Task item:
Repeat every entry word for word; omit all pictures.

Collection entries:

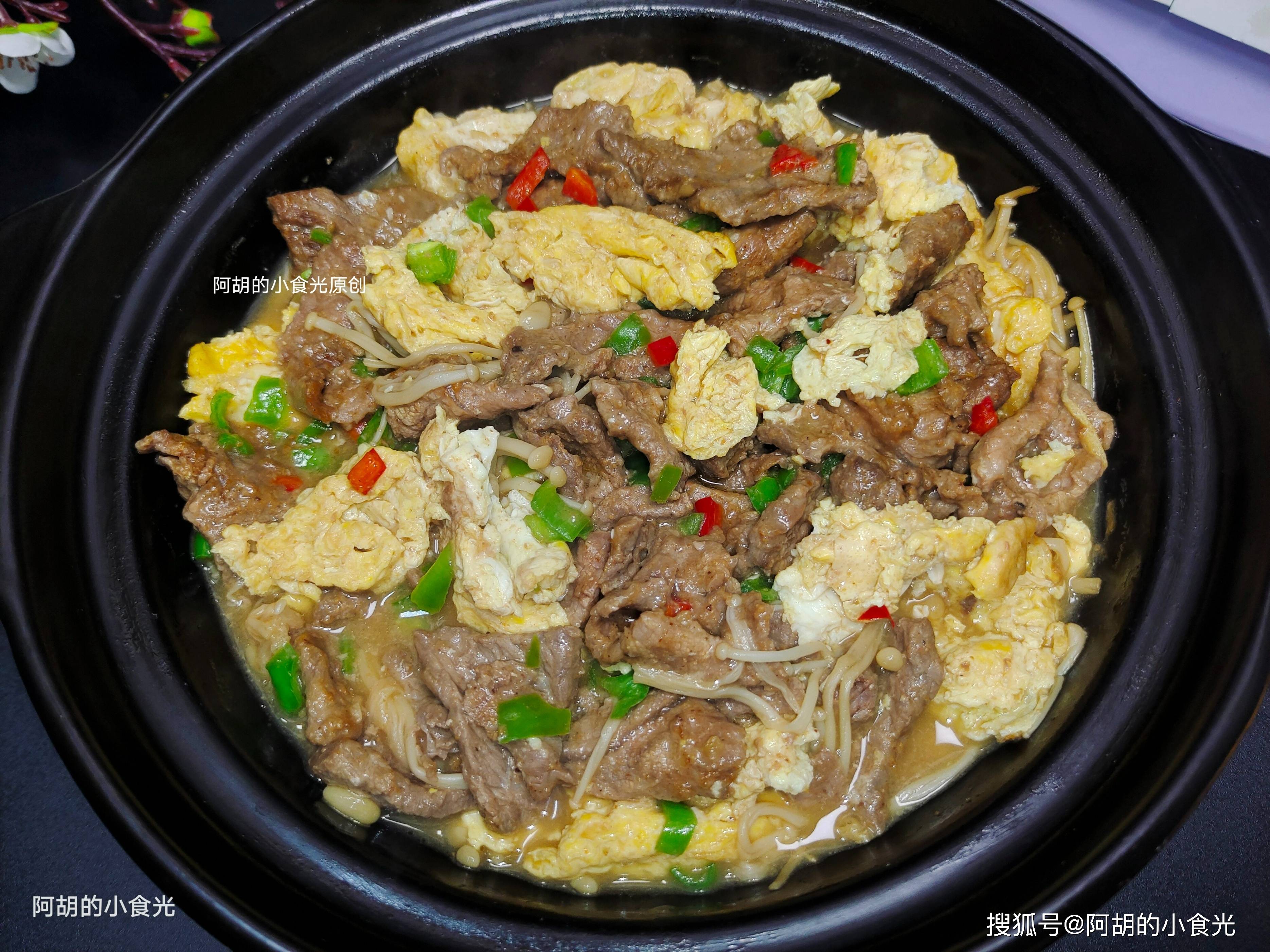 ——鸡蛋牛肉砂锅煲——
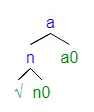 Within the tree structures, the word root combines with the functional category n0 to become a noun, then combine with the functional head a0 to form an adjective. Both nouns and adjectives contain the root-n0 combination, and it is the presence of a0 that results in the appearance of the attributive copula -na.[21]
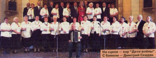 — В нашем коллективе все самородки, — говорит Валерий Пашков. — А руководитель хора Дмитрий Скидан — умный, образованный, чуткий человек, отдающий нам все свои силы, знания, опыт и выдержку, он и сам является ребенком войны. Кстати, от всего коллектива хочу поздравить Дмитрия Дмитриевича с днем рождения, который он отпраздновал 10 октября! Желаем ему здоровья, вдохновения, осуществления всех творческих замыслов, воплощать которые будем помогать и мы!
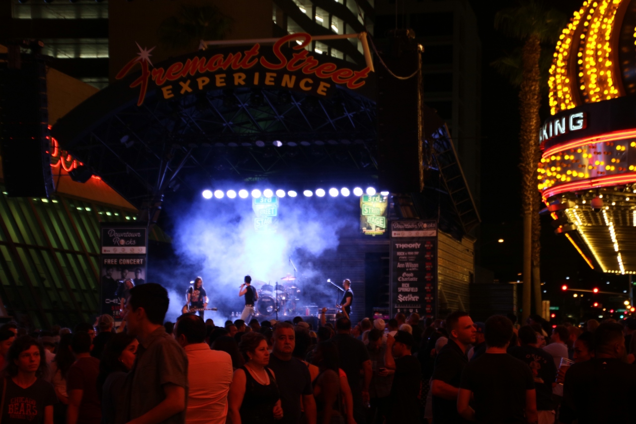 1時間に1回、フリーモントストリートの天井が有名アーティストの音楽とともにプロジェクションマッピングで彩られ、アーケードの下のジップラインを忍者のように通り過ぎる人影とともに楽しむイベントです。週末なのでとにかく人、人、人でごった返していました。ステージでは無料のライブも行われます。
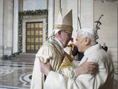 Evidemment, les médias titrent sur "l'étreinte des deux Papes"...
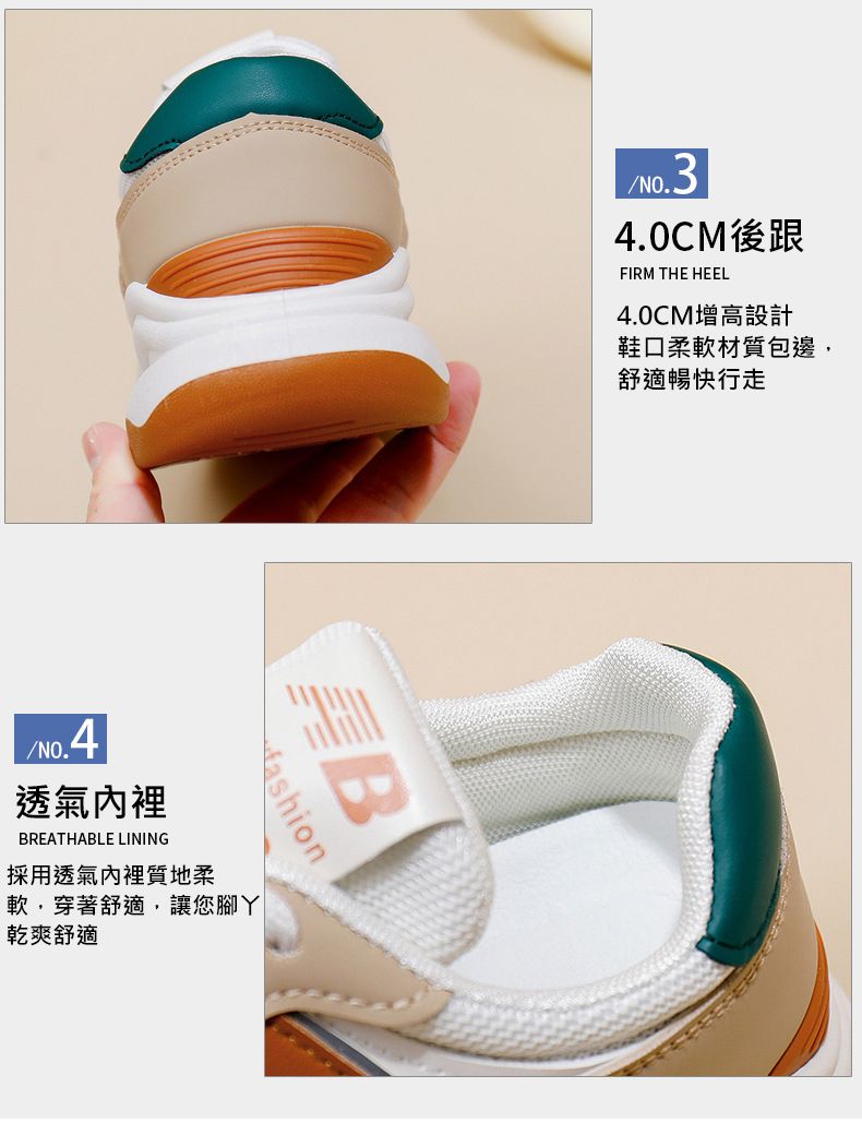 【簡約不簡單!】女士4cm增高休閒運動鞋【單網白藍色】+【單網卡其色】各一雙(優惠400)
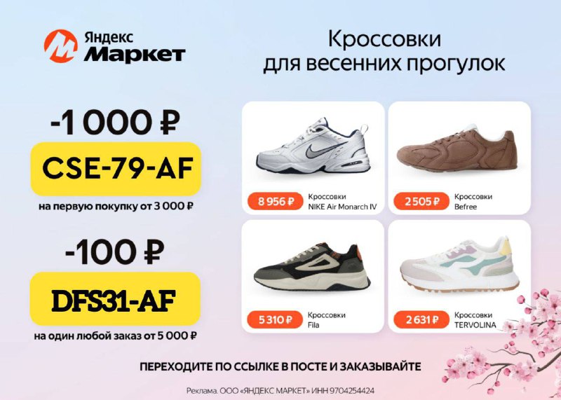 СУПЕРПРОМОКОДЫ на Яндекс Маркет— Скидка 1000₽ от на первый заказ от 3000₽ по промокоду CSE-79-AF*Или воспользуйтесь промокодом DFS31-AF — скидка

Response area:
 ——鸡蛋牛肉砂锅煲——
 Within the tree structures, the word root combines with the functional category n0 to become a noun, then combine with the functional head a0 to form an adjective. Both nouns and adjectives contain the root-n0 combination, and it is the presence of a0 that results in the appearance of the attributive copula -na.[21]
 — В нашем коллективе все самородки, — говорит Валерий Пашков. — А руководитель хора Дмитрий Скидан — умный, образованный, чуткий человек, отдающий нам все свои силы, знания, опыт и выдержку, он и сам является ребенком войны. Кстати, от всего коллектива хочу поздравить Дмитрия Дмитриевича с днем рождения, который он отпраздновал 10 октября! Желаем ему здоровья, вдохновения, осуществления всех творческих замыслов, воплощать которые будем помогать и мы!
 1時間に1回、フリーモントストリートの天井が有名アーティストの音楽とともにプロジェクションマッピングで彩られ、アーケードの下のジップラインを忍者のように通り過ぎる人影とともに楽しむイベントです。週末なのでとにかく人、人、人でごった返していました。ステージでは無料のライブも行われます。
 Evidemment, les médias titrent sur "l'étreinte des deux Papes"...
 【簡約不簡單!】女士4cm增高休閒運動鞋【單網白藍色】+【單網卡其色】各一雙(優惠400)
 СУПЕРПРОМОКОДЫ на Яндекс Маркет— Скидка 1000₽ от на первый заказ от 3000₽ по промокоду CSE-79-AF*Или воспользуйтесь промокодом DFS31-AF — скидка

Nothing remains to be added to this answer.